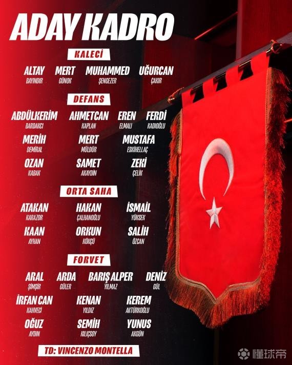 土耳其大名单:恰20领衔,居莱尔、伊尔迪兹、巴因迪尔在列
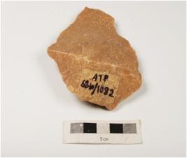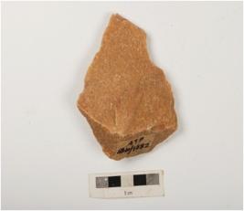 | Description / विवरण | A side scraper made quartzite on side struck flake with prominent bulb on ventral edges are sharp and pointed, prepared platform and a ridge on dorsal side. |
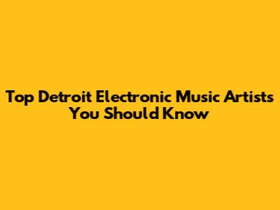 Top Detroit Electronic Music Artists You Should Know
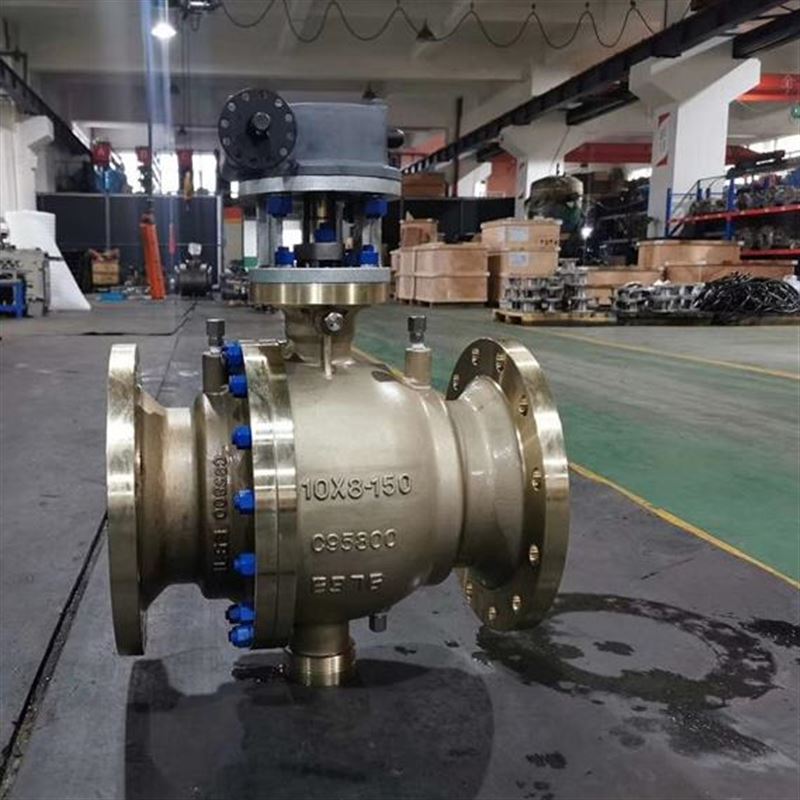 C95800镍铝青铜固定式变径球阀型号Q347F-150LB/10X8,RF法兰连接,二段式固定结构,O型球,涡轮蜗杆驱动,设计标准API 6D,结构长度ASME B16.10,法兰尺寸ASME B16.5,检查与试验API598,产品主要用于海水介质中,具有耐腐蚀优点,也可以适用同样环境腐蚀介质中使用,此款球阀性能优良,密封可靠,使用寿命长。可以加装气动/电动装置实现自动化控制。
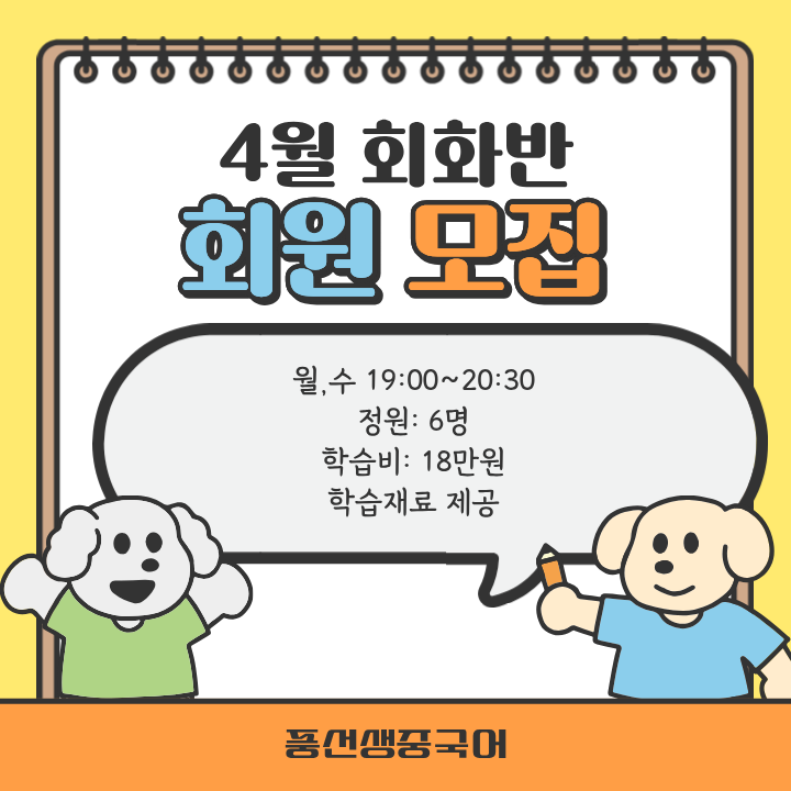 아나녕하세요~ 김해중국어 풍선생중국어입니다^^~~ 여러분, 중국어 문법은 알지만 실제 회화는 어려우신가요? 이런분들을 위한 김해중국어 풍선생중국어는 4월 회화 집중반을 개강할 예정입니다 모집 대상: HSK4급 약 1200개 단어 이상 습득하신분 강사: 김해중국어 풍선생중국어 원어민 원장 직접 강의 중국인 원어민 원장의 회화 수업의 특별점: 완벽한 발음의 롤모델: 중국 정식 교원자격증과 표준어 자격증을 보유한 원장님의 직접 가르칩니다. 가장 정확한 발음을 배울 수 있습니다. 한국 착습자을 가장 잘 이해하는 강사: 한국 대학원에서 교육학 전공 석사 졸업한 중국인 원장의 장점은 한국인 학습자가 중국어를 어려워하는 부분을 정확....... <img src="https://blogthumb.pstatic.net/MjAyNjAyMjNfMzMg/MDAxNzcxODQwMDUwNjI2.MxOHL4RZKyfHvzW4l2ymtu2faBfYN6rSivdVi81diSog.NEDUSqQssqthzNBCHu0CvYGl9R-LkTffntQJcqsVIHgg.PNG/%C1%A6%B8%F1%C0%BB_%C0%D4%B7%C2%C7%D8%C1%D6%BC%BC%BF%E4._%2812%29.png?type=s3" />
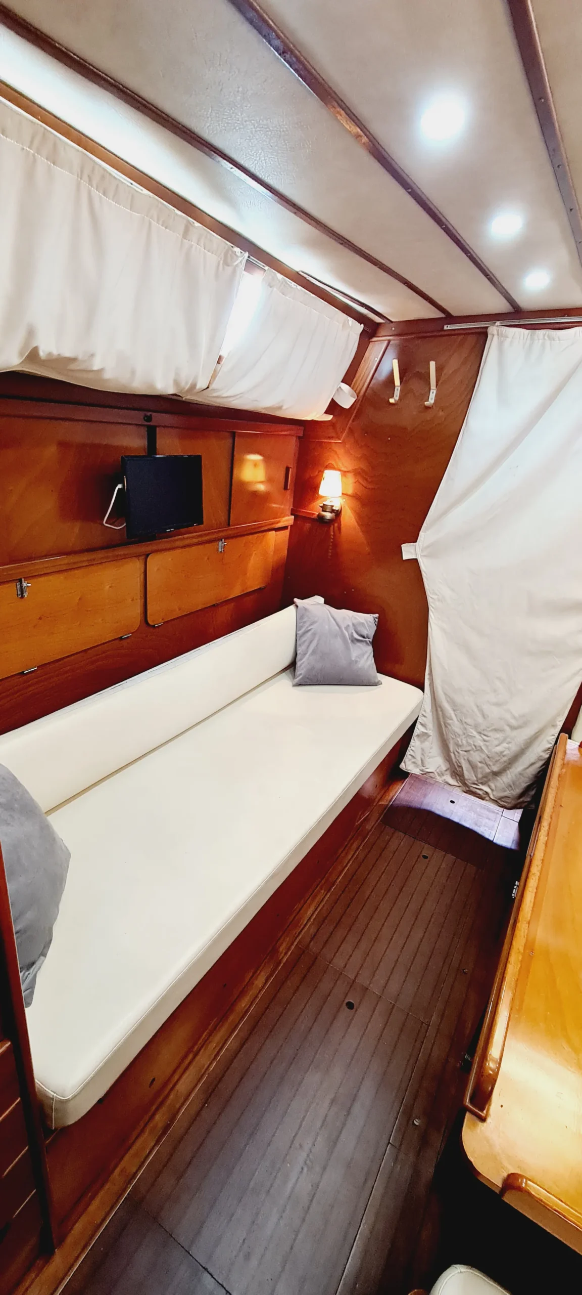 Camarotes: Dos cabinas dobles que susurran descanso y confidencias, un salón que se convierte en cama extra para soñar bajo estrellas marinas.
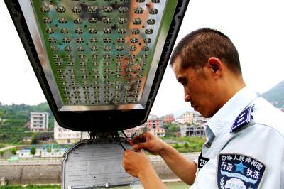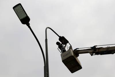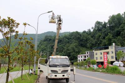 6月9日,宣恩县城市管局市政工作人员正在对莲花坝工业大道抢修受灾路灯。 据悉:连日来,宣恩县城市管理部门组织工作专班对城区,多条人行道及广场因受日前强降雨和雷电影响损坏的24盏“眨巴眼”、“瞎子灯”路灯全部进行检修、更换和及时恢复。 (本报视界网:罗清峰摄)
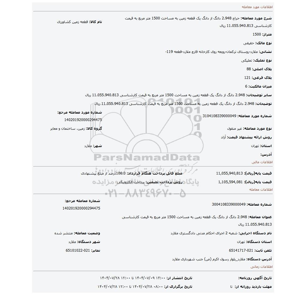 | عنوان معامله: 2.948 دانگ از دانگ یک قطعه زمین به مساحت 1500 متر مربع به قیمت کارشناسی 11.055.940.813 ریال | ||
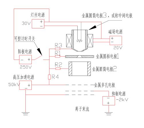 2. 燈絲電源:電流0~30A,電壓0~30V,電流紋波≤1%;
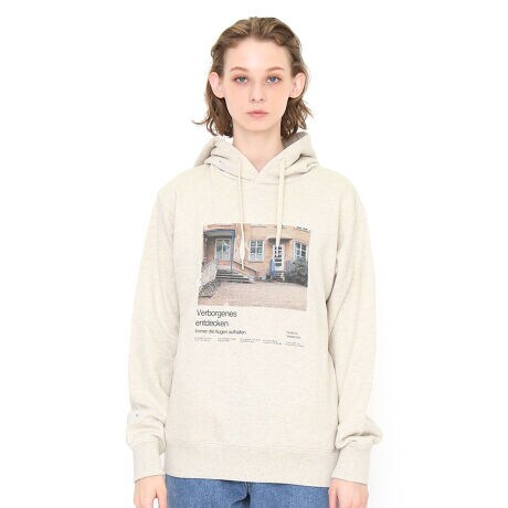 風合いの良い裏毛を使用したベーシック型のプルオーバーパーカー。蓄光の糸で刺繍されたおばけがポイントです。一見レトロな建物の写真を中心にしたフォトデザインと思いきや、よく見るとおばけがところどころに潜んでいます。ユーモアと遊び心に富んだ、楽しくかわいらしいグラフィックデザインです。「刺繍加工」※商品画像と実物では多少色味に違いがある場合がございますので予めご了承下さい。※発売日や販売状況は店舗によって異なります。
_ _ _ _
**TASK DIRECTIONS:** From the first line to the last, retype the material exactly and exclude the pictures.

**RESPONSE TO THE TASK:**
 土耳其大名单:恰20领衔,居莱尔、伊尔迪兹、巴因迪尔在列
 | Description / विवरण | A side scraper made quartzite on side struck flake with prominent bulb on ventral edges are sharp and pointed, prepared platform and a ridge on dorsal side. |
 Top Detroit Electronic Music Artists You Should Know
 C95800镍铝青铜固定式变径球阀型号Q347F-150LB/10X8,RF法兰连接,二段式固定结构,O型球,涡轮蜗杆驱动,设计标准API 6D,结构长度ASME B16.10,法兰尺寸ASME B16.5,检查与试验API598,产品主要用于海水介质中,具有耐腐蚀优点,也可以适用同样环境腐蚀介质中使用,此款球阀性能优良,密封可靠,使用寿命长。可以加装气动/电动装置实现自动化控制。
 아나녕하세요~ 김해중국어 풍선생중국어입니다^^~~ 여러분, 중국어 문법은 알지만 실제 회화는 어려우신가요? 이런분들을 위한 김해중국어 풍선생중국어는 4월 회화 집중반을 개강할 예정입니다 모집 대상: HSK4급 약 1200개 단어 이상 습득하신분 강사: 김해중국어 풍선생중국어 원어민 원장 직접 강의 중국인 원어민 원장의 회화 수업의 특별점: 완벽한 발음의 롤모델: 중국 정식 교원자격증과 표준어 자격증을 보유한 원장님의 직접 가르칩니다. 가장 정확한 발음을 배울 수 있습니다. 한국 착습자을 가장 잘 이해하는 강사: 한국 대학원에서 교육학 전공 석사 졸업한 중국인 원장의 장점은 한국인 학습자가 중국어를 어려워하는 부분을 정확....... <img src="https://blogthumb.pstatic.net/MjAyNjAyMjNfMzMg/MDAxNzcxODQwMDUwNjI2.MxOHL4RZKyfHvzW4l2ymtu2faBfYN6rSivdVi81diSog.NEDUSqQssqthzNBCHu0CvYGl9R-LkTffntQJcqsVIHgg.PNG/%C1%A6%B8%F1%C0%BB_%C0%D4%B7%C2%C7%D8%C1%D6%BC%BC%BF%E4._%2812%29.png?type=s3" />
 Camarotes: Dos cabinas dobles que susurran descanso y confidencias, un salón que se convierte en cama extra para soñar bajo estrellas marinas.
 6月9日,宣恩县城市管局市政工作人员正在对莲花坝工业大道抢修受灾路灯。 据悉:连日来,宣恩县城市管理部门组织工作专班对城区,多条人行道及广场因受日前强降雨和雷电影响损坏的24盏“眨巴眼”、“瞎子灯”路灯全部进行检修、更换和及时恢复。 (本报视界网:罗清峰摄)
 | عنوان معامله: 2.948 دانگ از دانگ یک قطعه زمین به مساحت 1500 متر مربع به قیمت کارشناسی 11.055.940.813 ریال | ||
 2. 燈絲電源:電流0~30A,電壓0~30V,電流紋波≤1%;
 風合いの良い裏毛を使用したベーシック型のプルオーバーパーカー。蓄光の糸で刺繍されたおばけがポイントです。一見レトロな建物の写真を中心にしたフォトデザインと思いきや、よく見るとおばけがところどころに潜んでいます。ユーモアと遊び心に富んだ、楽しくかわいらしいグラフィックデザインです。「刺繍加工」※商品画像と実物では多少色味に違いがある場合がございますので予めご了承下さい。※発売日や販売状況は店舗によって異なります。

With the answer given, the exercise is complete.